[thelist] XHTML or HTML WAS Good Examples of XHTML Usage

Thu Sep 4 14:26:46 CDT 2003

This e-mail was forwarded to me by Gary -- thanks Gary! -- who thought I
should have a chance to respond. So:

Timothy J. Luoma wrote:
>
> ...let's address http://www.hixie.ch/advocacy/xhtml
>
> > Current UAs are HTML user agents (at best) and certainly not XHTML
> > user agents (certainly not when sent as text/html), so if you send
> > them XHTML you are sending them content in a language which is not
> > native to them, and relying on their error handling.
>
> Show me a browser that can handle HTML and not XHTML.

Windows IE 6.

Testcase: http://www.hixie.ch/tests/adhoc/xhtml/mime-type/001

> > * <script> and <style> elements in XHTML may not have their contents
> > commented out, a trick frequently used in HTML documents to hide
> > the contents of such elements from legacy UAs. [1]
>
> Sure they can, you just have to do it the right way instead of the old way.

I'm curious, could you describe this method? I searched Google, but all I
could find were suggestions that wouldn't actually work for various
reasons.
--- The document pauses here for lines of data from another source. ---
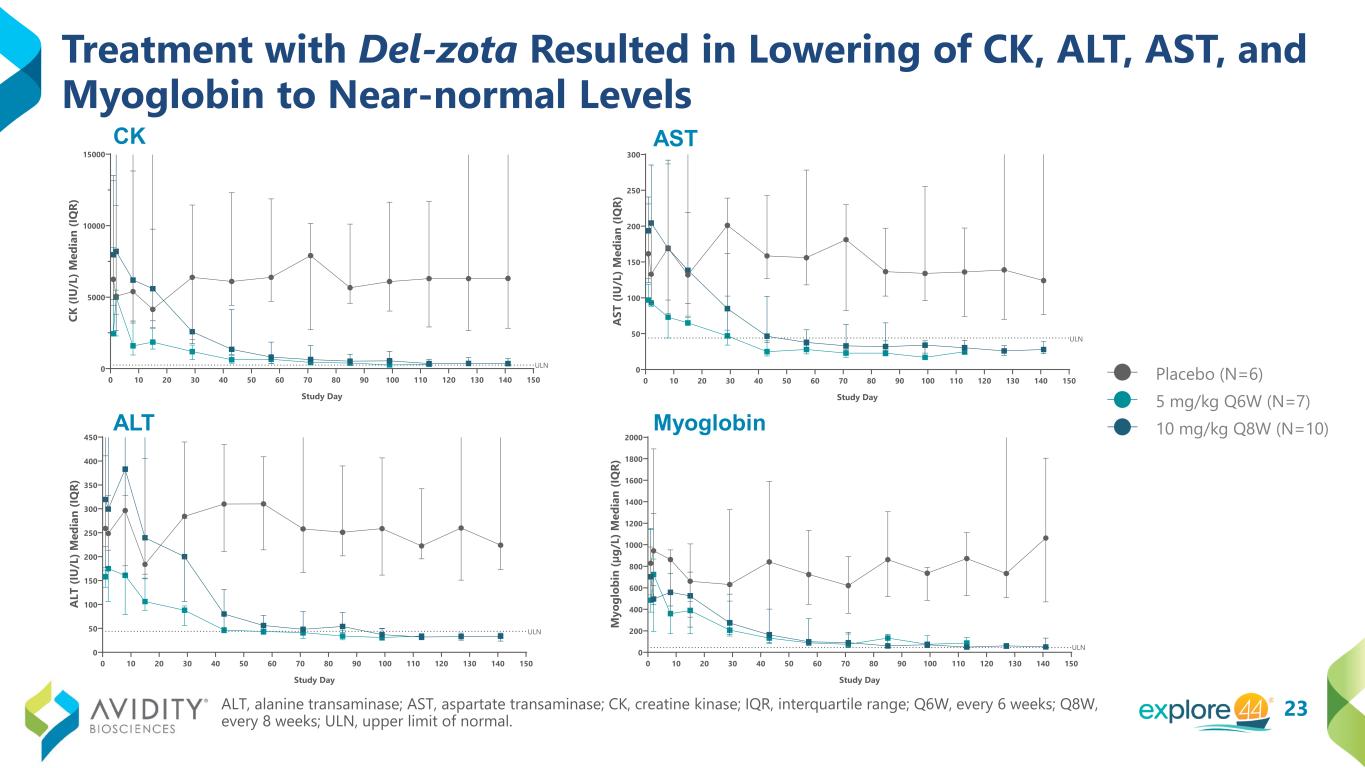 •A reduction in creatine kinase levels to near normal, with greater than 80% reduction compared to baseline, at both the 5 mg/kg and 10 mg/kg dose levels; and
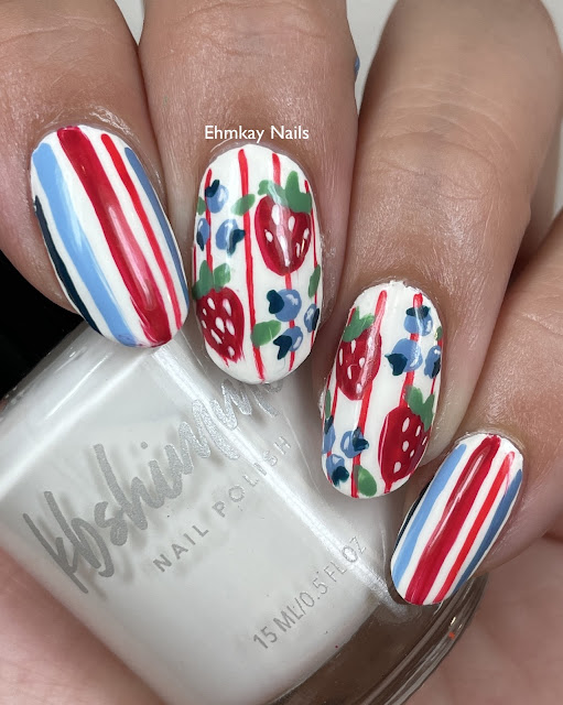 I am STILL wearing this manicure although it looks rough now. I had blueberries and strawberries for breakfast haha. Doing this mani reminded how much I love nail art. Hope you have a great weekend, Tami!
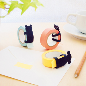 動物がハグする形をしたマスキングテープカッターです。テープをカットすることはもちろん、お気に入りのテープに付けて飾れば、楽しい卓上フィギュアになります。
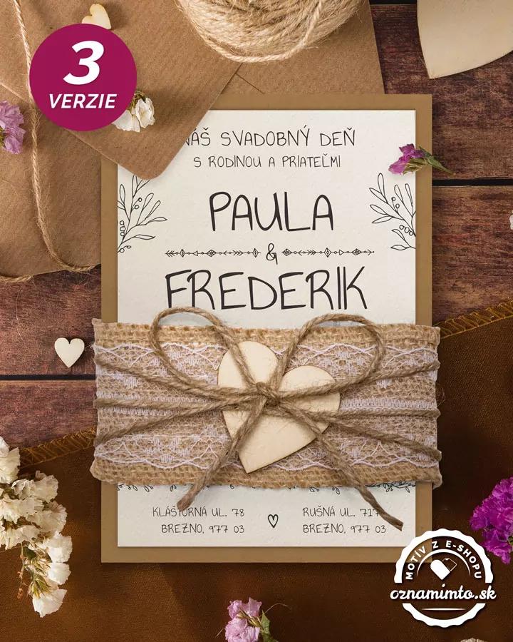 Svadobné oznámenia s čipkou a jutovým viazaním
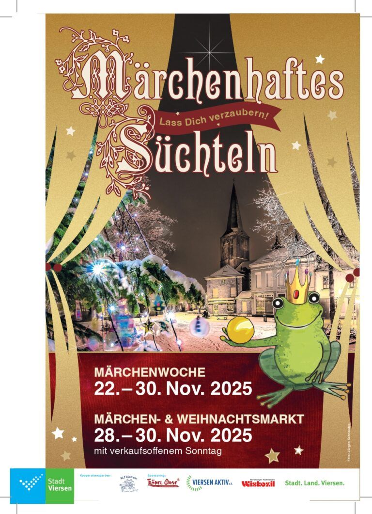 Von Samstag, 22. bis Sonntag, 30. November 2025 steht Süchteln ganz im Zeichen der Märchenwoche. Mit dem abschließenden Märchen- und Weihnachtsmarkt am Wochenende vom 28. bis 30. November läuten das Citymanagement der Stadt Viersen und der Arbeitskreis Süchteln endgültig die Weihnachtszeit in der „Irmgardisstadt“ ein. Wenn ab Samstag, 22. November 2025, die Schaufenster in den …
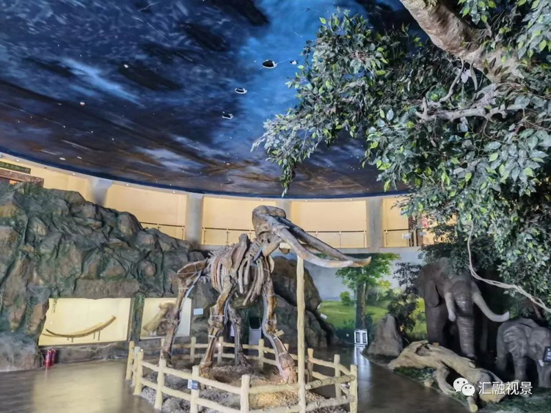 走進(jìn)古象化石展廳,在這里有一種回到了遠(yuǎn)古時(shí)代的感覺,光線比較暗,四周像森林,中間擺放的就是遷安特有的也是國內(nèi)特有亞洲罕見的古菱齒象骨架。
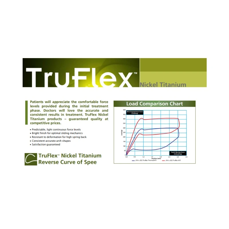 TruFlex Łuk niklowo-tytanowy kolebkowy ( odwrotna krzywa spee). Super elastyczność i stała siła. Skuteczne poziomowanie, szeregowanie i poszeżanie łuku dolnego.
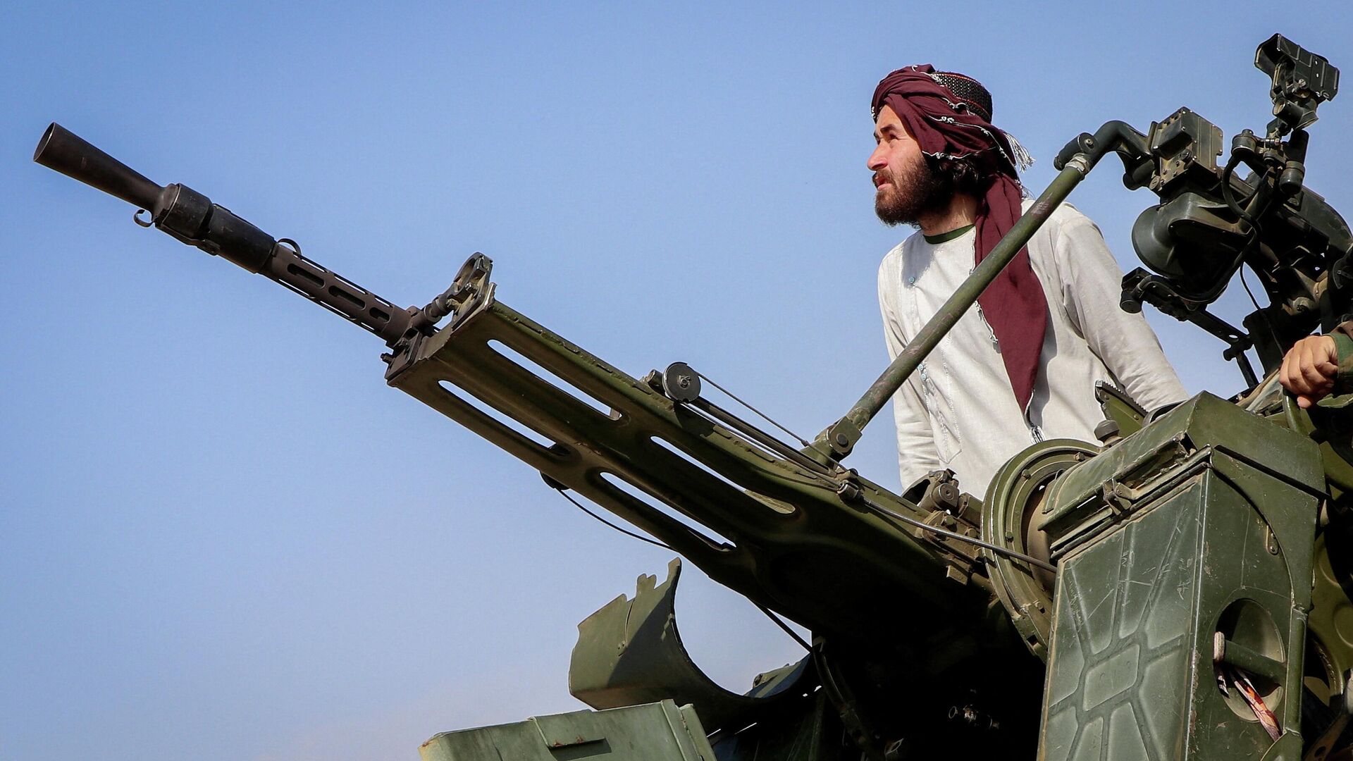 A Taliban soldier stands next to an anti-aircraft gun while on lookout for Pakistani fighter jets, in Khost province, Afghanistan, February 27, 2026. - Sputnik भारत, 1920, 02.03.2026
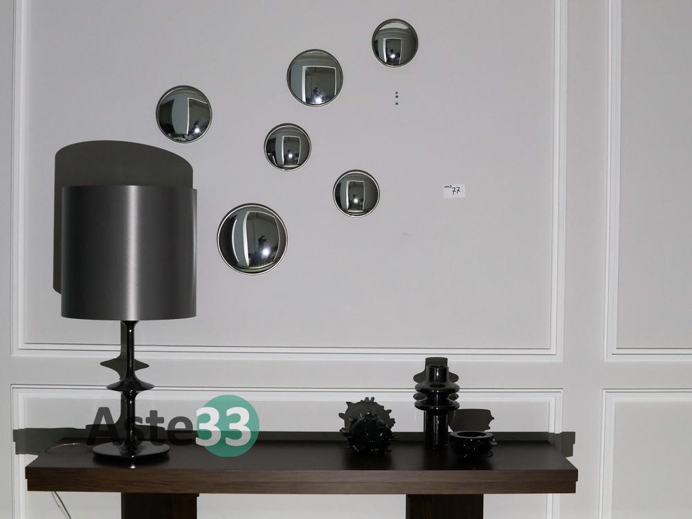 N. 1 boiserie a specchi della lunghezza di circa 500 cm;N. 1 boiserie in tinta noce della lunghezza di circa 700 cm; N. 1 tavolo in ceramica; N. 1 poltroncina con rivestimento in velluto; N. 1 lampada a piantana; N. 1 lampadario a tre elementi; N. 1 tavolo consolle in noce; N. 1 lampada abatjour; N. 9 elemetni d'arredo di vario tipo;Circa n. 40 metri...

David Baron and I think that you may mean:

   <script ...>
   <!-- --> <![CDATA[ <!--
   ...
   // --> ]]>
   </script>

...but that is likely to cause legacy UAs to choke on the <![CDATA[ and
]]> bits, so is as good as not having anything (which is probably wisest
anyway, since there are basically no UAs that can't parse <script> right
nowadays, even in the mobile device market).

> > * XHTML documents that use the "/>" notation, as in "<link />", are
> > not valid HTML documents. (See the third bullet point in the
> > section entitled "The Myth of "HTML-compatible XHTML 1.0
> > documents"".)
>
> Show me a browser that can't handle <link /> but can handle <link>

No browsers handle <link/> according to the HTML4 spec. (According to
HTML4, <link/> is the same as "<link>&gt;" due to the SGML SHORTTAG NET
feature.)

> > * Document sent as text/html are handled as tag soup [2] by most UAs.
> > Since most authors only check their documents using one or two UAs,
> > rather than using a validator, this means that authors are not
> > checking for validity, and thus most XHTML documents on the web now
> > are invalid.
>
> I dispute this claim.  Where is the data backing it up?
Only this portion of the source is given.